* Provided entries
■ ■ ■

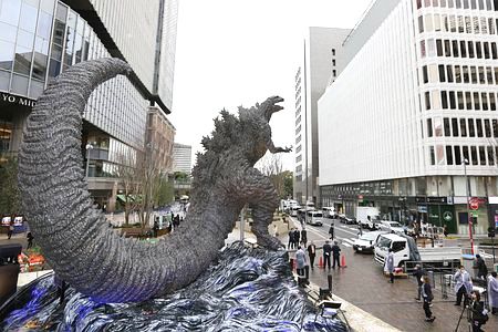 La estatua fue creada a imagen del monstruo que aparece en Shin Godzilla, el filme número 29 de la popular serie de películas, estrenado en 2016.
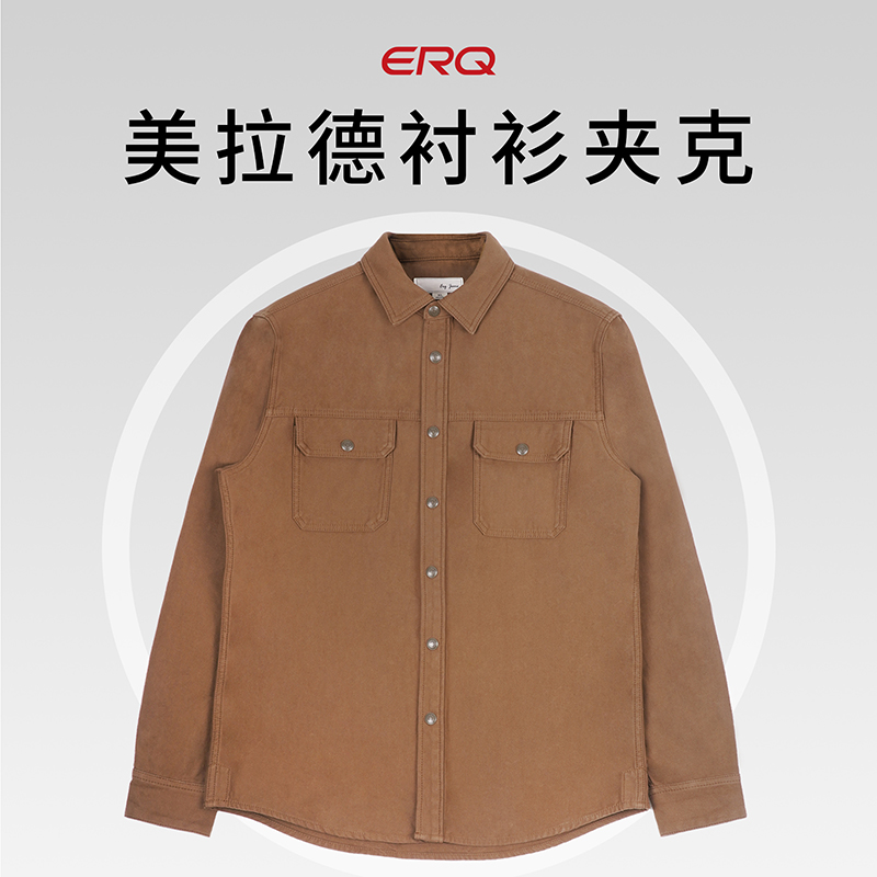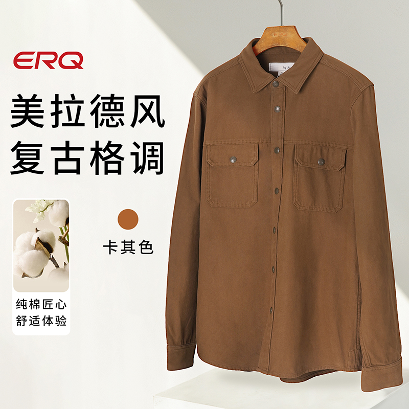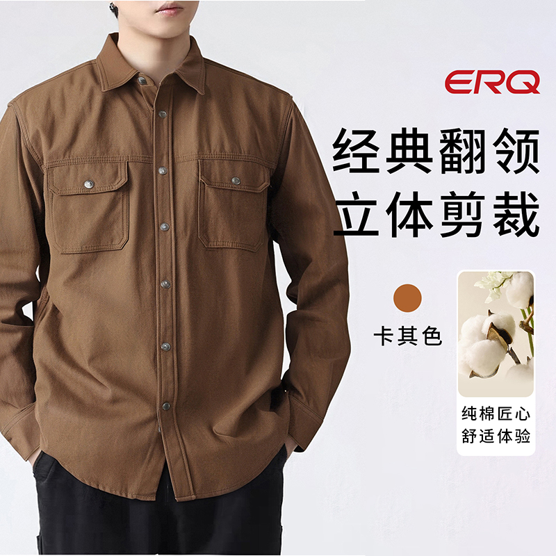 ERQ男士翻领衬衫夹克外套工装美式长袖休闲时尚春秋复古户外商务
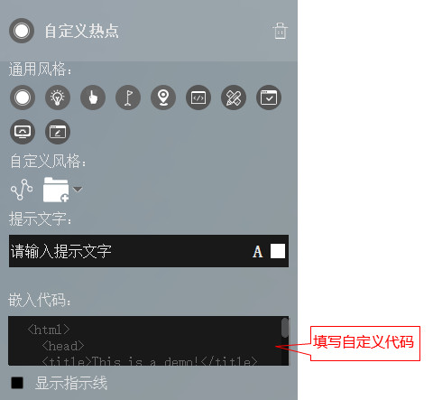 设置用户自定义热点内容。在“嵌入代码”文本框中填写自定义代码。自定义代码仅支持Html和CSS代码,不支持Javascript脚本。
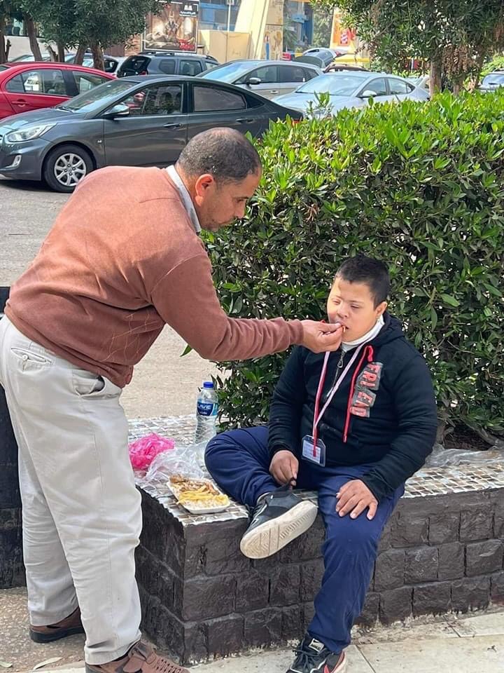تداول رواد مواقع التواصل الاجتماعي ، صورة لأحد مدرسي مدرسة التربية الفكرية بالدقهلية وهو يطعم طفل من ذوي الهمم لم يستطيع تناول طعامه بمفرده.
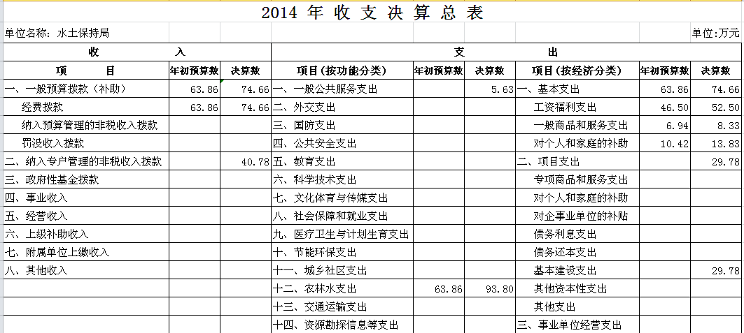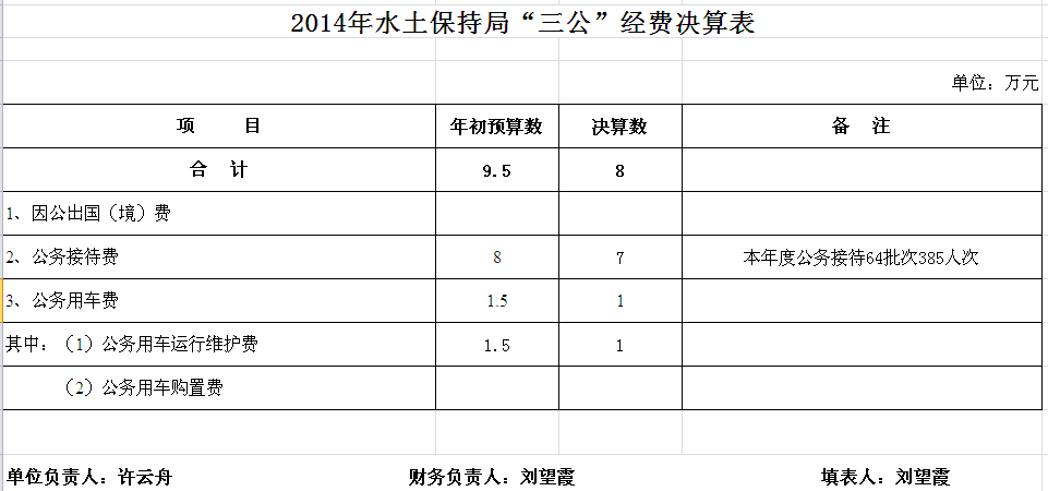 2014年水土保持局收支决算总表及“三公”经费决算表
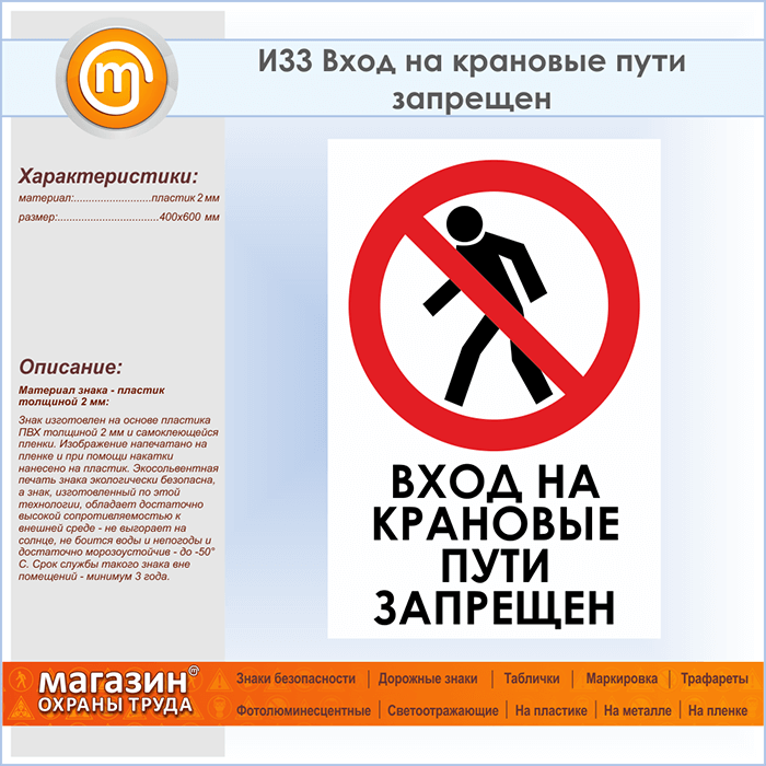 Знак «Вход на крановые пути запрещен», И33 (пластик, 400х600 мм) в Химках купить

■ ■ ■

* Exercise requirements
Please reprint the whole listing exactly and omit its pictures.

* Response to this task
 La estatua fue creada a imagen del monstruo que aparece en Shin Godzilla, el filme número 29 de la popular serie de películas, estrenado en 2016.
 ERQ男士翻领衬衫夹克外套工装美式长袖休闲时尚春秋复古户外商务
 设置用户自定义热点内容。在“嵌入代码”文本框中填写自定义代码。自定义代码仅支持Html和CSS代码,不支持Javascript脚本。
تداول رواد مواقع التواصل الاجتماعي ، صورة لأحد مدرسي مدرسة التربية الفكرية بالدقهلية وهو يطعم طفل من ذوي الهمم لم يستطيع تناول طعامه بمفرده.
 2014年水土保持局收支决算总表及“三公”经费决算表
 Знак «Вход на крановые пути запрещен», И33 (пластик, 400х600 мм) в Химках купить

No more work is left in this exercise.